These are the members who lose 4,000 euros from the Treasury

In anticipation of an avalanche of requests from retired mutualists, the Treasury launched a form in March to request the refund of amounts overpaid in personal income tax by this group.

The measure was the response of the Tax Agency to facilitate the procedures for mutual members after Supreme Court ruling 255/2023 determined that retired mutual members who contributed to Mutualidad Laboral de Banca between 1867 and 1978 were paying more taxes for years in their income tax return for their retirement pension.

The Supreme Court has overturned the Treasury’s criteria for bank mutualists and extended the possibility of applying this interpretation to the rest of mutual societies. In short, a large number of retired mutualists can now claim from the Treasury the payment of undue amounts in personal income tax.

What pensions and mutual funds cannot be claimed?

The sentence of Supreme Court The Spanish Social Security Institute estimates that members paid 100% of their pensions when they should have paid 75% as a reduction that was applied to Social Security contributions was not applied.

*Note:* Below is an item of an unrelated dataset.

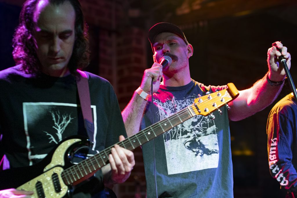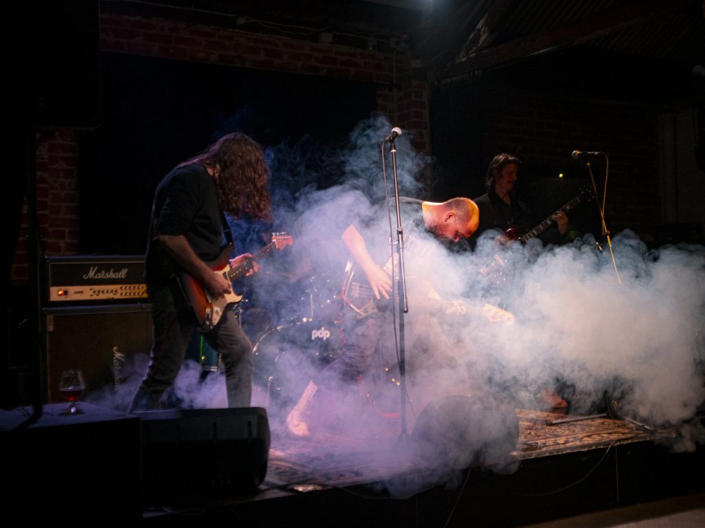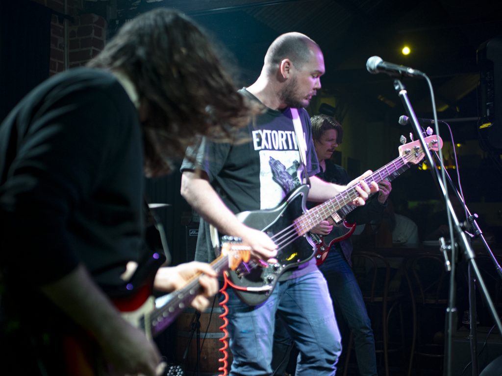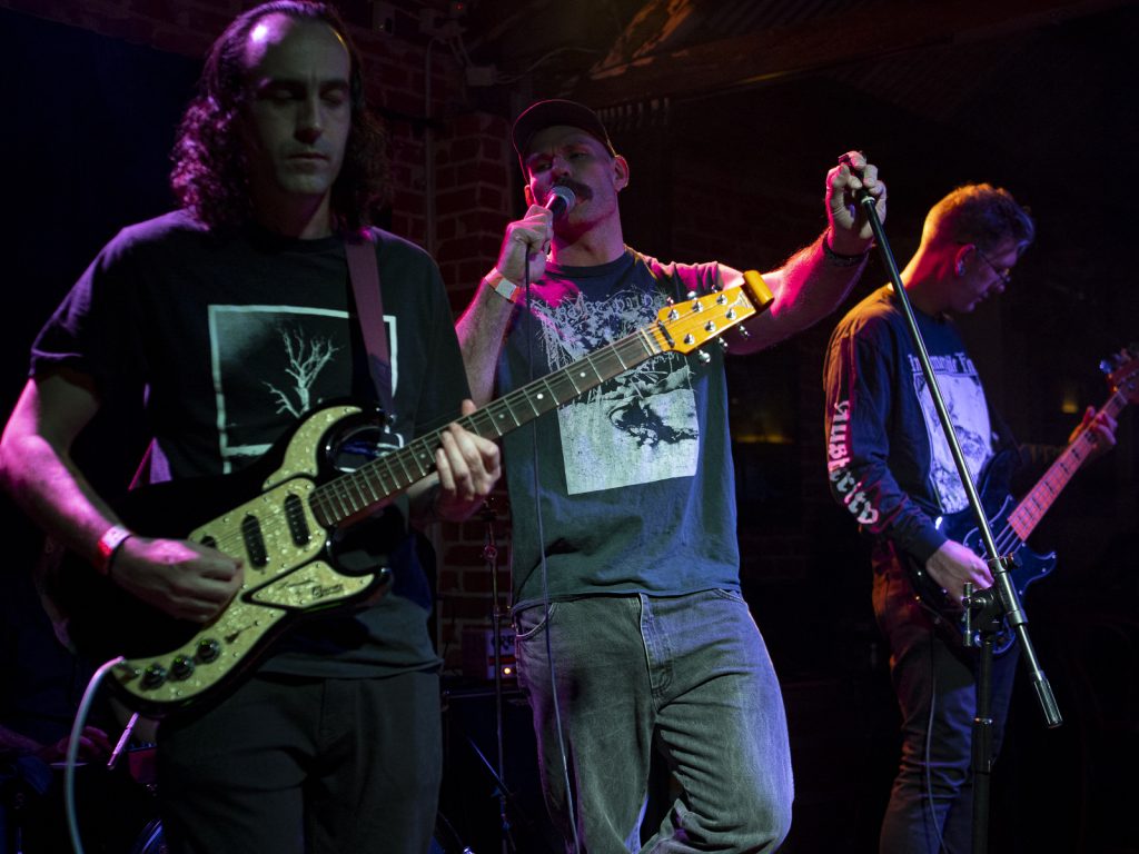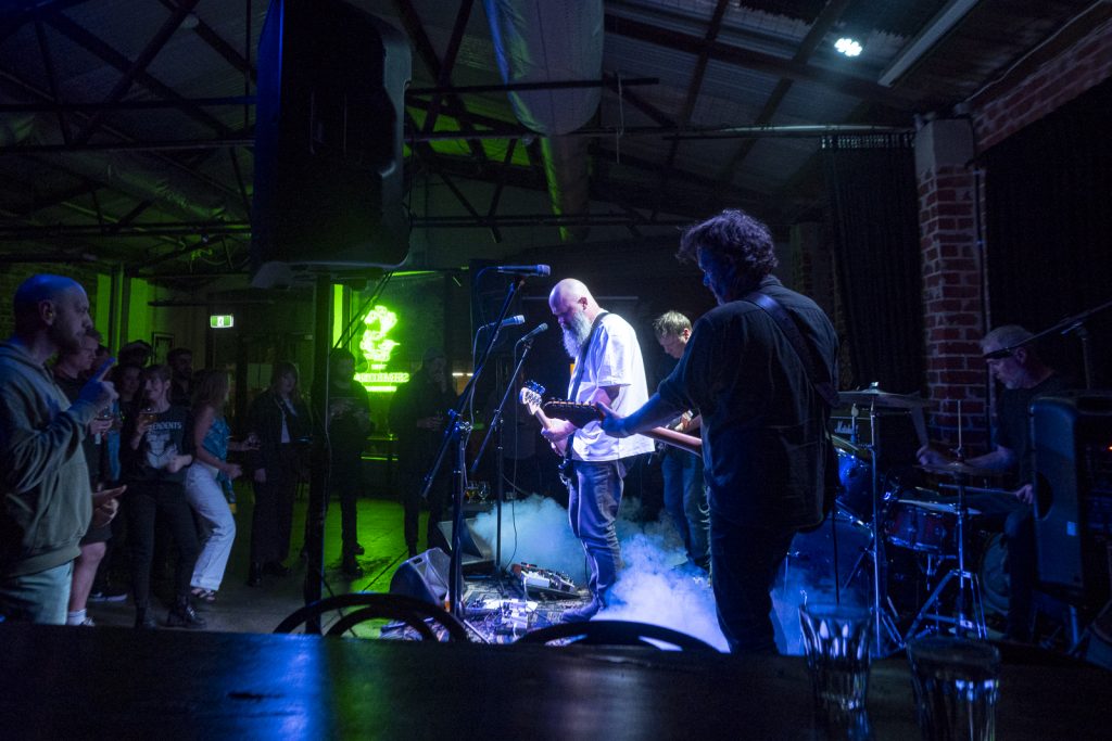 There was comedy in the carnage too—the centre-stage bassist gyrating with comical earnestness, a cheeky bow to the Shepparton Airplane gents seated up front with their dinner, and the running gag about which Perth highway their next track referenced (Canning Hwy, btw). All up, an apt starter for a night of bands going for broke in the Brewery’s back room.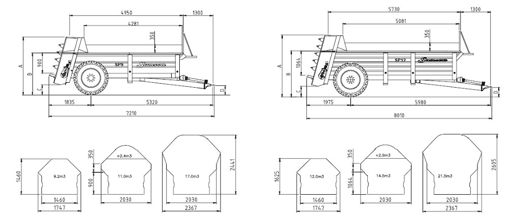 Серия SP (SP9, 11, 12 и 15) — универсальные разбрызгиватели, которые могут вносить вещества от 3 т/Га до 70 т/Га.

Now, they can claim the 25% they overpaid as the second transitional provision of the Personal Income Tax Law regulating the transitional regime applicable to social security mutual societies was not applied.

However, Not all members can claim Nor does the ruling affect all pensions.

The key to knowing which pensions are excluded is in the second transitional provision of the Personal Income Tax Law, which is what the Supreme Court based its decision on.

This provision does not apply to pensions for the State’s passive classes, which are those paid to State officials and workers who have chosen to pay contributions under this scheme and not through a mutual fund.

It also does not apply to the pensions for contributions to workers’ mutual fundswhere the transitional provision does not apply because they could already be deducted at the time, nor to mutual funds for self-employed workers.

In addition, widow’s pensions and non-contributory pensions are also excluded.

How much can you claim?

The claim for mutual members can only be made for the last four fiscal years, which are the only ones that have not yet expired. That is, a claim can still be made for income tax for 2022, 2021, 2020 and 2019.

This makes the amount to be claimed amounts to around 4,000 euros in most cases.

The amount to be returned It will be 25% of the pension for which taxes were paid and which comes from your contributions to the mutual fund.

So you understand how it is calculate the returnLet’s take an example with a pension of 18,000 euros, which is close to the national average.

In that case, for a member with 40 years of contributions and who made contributions to the mutual insurance company for 11 years between 1967 and 1978, these contributions would represent 27.5% of his total professional career. This is equivalent to 4,950 euros of the pension he receives.

Of those 4,950 euros, there is 25% that should not have been added to the personal income tax, which is equivalent to 1,237.5 euros. That is, instead of paying taxes on 18,000 euros, you should have paid taxes on 16,762.5 euros. This would make the income tax result lower and is the amount that the Treasury should return together with the corresponding late payment interest.

For claim a refundYou only have to fill out the Treasury form so that it includes the data and then make a correction to the self-assessment to the Treasury through Renta Web.